To minimize the cutting force during milling of unidirectional carbon-fiber-reinforced plastics (CFRPs), we present a method that uses a predictive cutting-force model to optimize the feed direction. A CFRP with six different absolute fiber-orientation angles was used to derive specific cutting forces. Cutting force was predicted using regression of the specific cutting force and verified by milling tests, with 2–10-mm radial depths of cut at each fiber-orientation angle. The fiber cutting angle, which significantly affects CFRP cutting characteristics, can easily be changed by varying the feed direction.

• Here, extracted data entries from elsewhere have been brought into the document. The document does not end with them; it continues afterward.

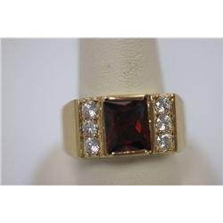 14K GOLD PLATED CZ AND RED CZ RING **|**|** 14K GOLD PLATED MENS CZ AND RED CZ RING; METAL BRASS; BRAZILIAN JEWELRY; 14K GOLD PLATED ; MSRP: $0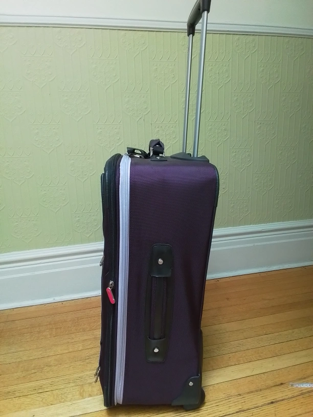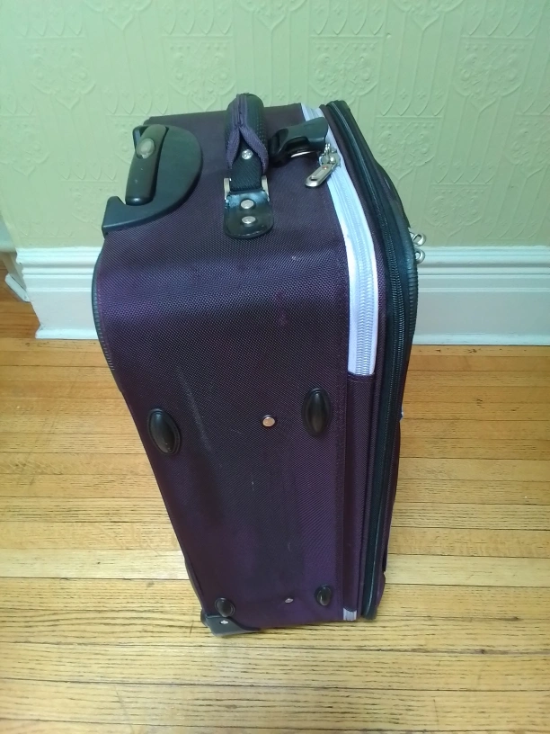 Here's a gently used Swiss Gear rolling suitcase in great shape! It's a convenient size for travelling, but not carry-on size. LxWxH = 17"x9"x26.5". The suitcase has a telescoping handle and smooth-rolling wheels, making it easy to navigate through airports. It also has a couple of exterior pockets for easy access to travel documents or other essentials and separate straps to secure personal item or purse.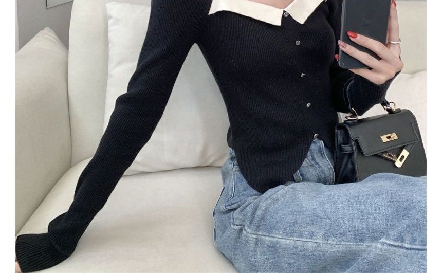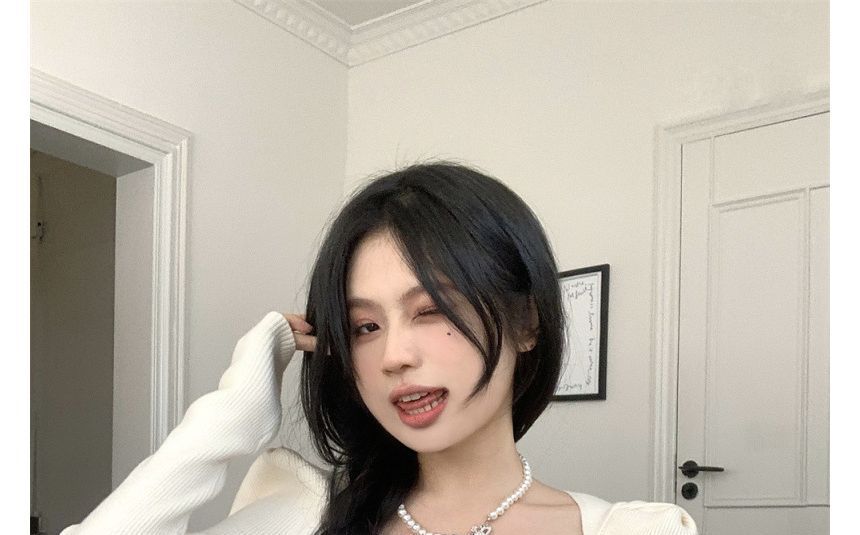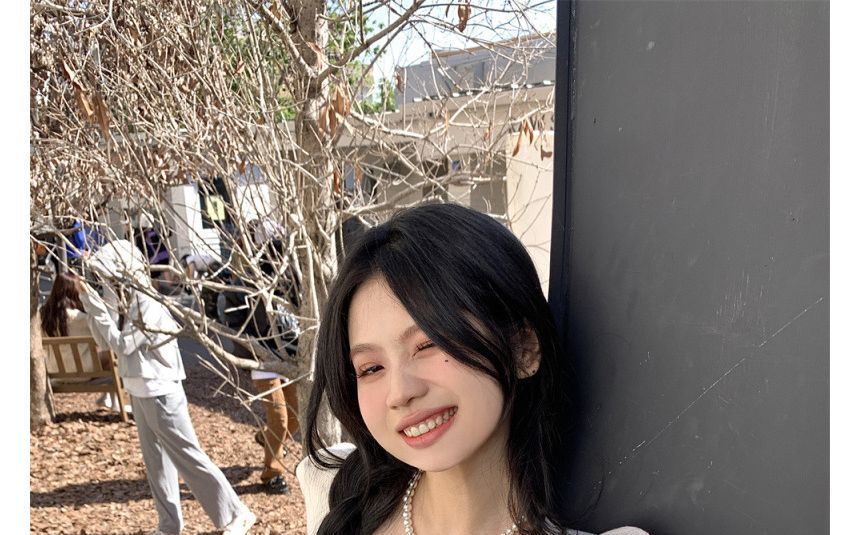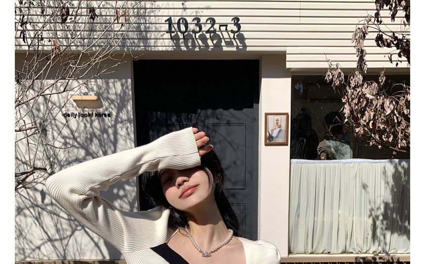 Square-Neck Slim-Fit Top Puff-Sleeve Knit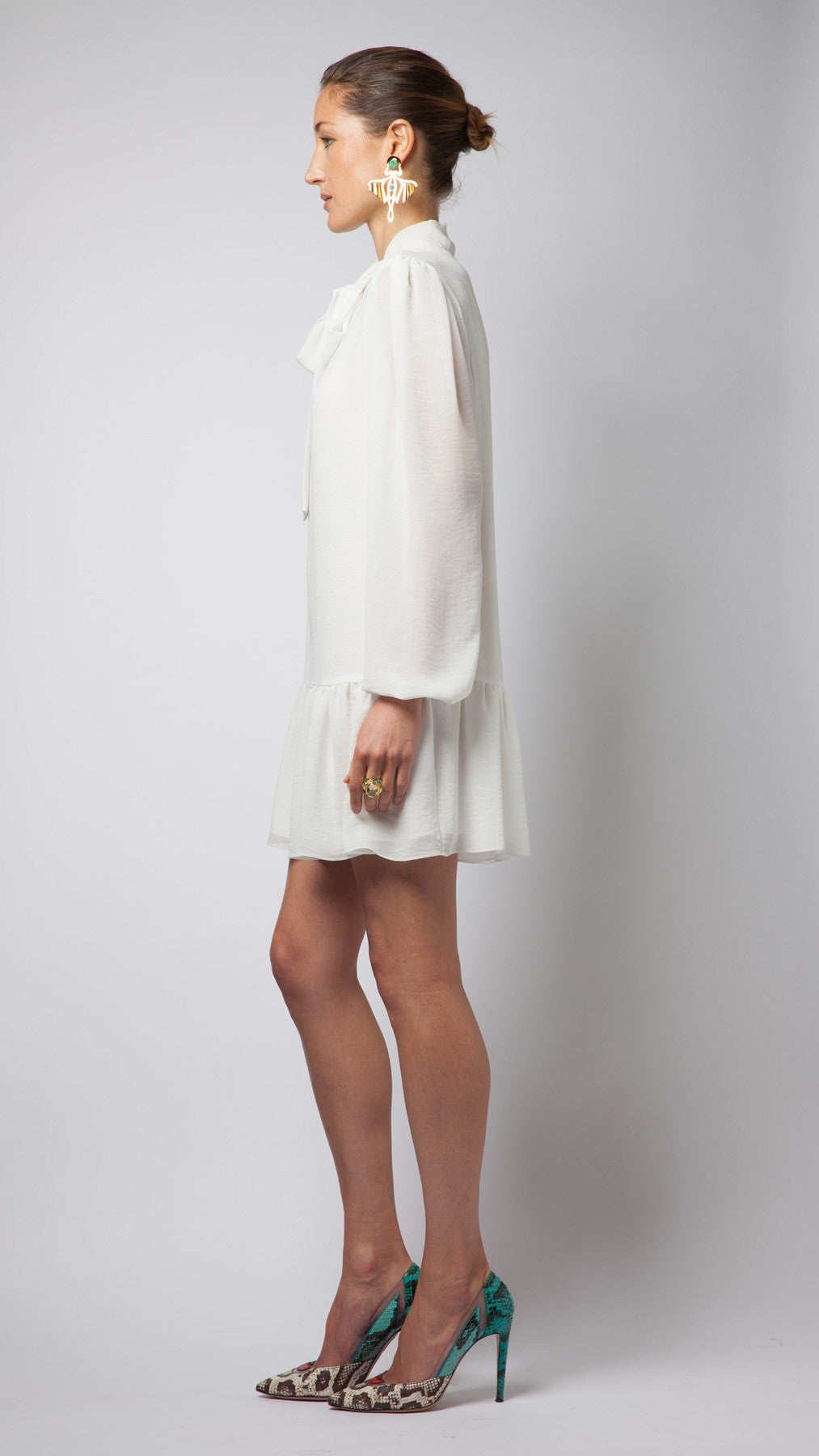 Ivory Crepe Pussy-Bow Dress

Therefore, the optimal feed direction is derived by predicting the cutting force in the feed direction in the range 0–180° using the cutting-force model and comparing the cutting forces in all feed directions. The optimal feed direction is expressed by a second-order polynomial function of the radial depth of cut. In the validation of the proposed method, the cutting force and cycle time in the optimal feed direction were reduced by 54% and 53%, respectively. Because only the feed-direction angle is changed, which is a relatively easy adjustment in the milling process, this method efficiently reduces the cutting force in CFRP milling. Also, as a predictive cutting-force model is employed, it is possible to derive the optimal feed direction under various cutting conditions with minimal experimentation.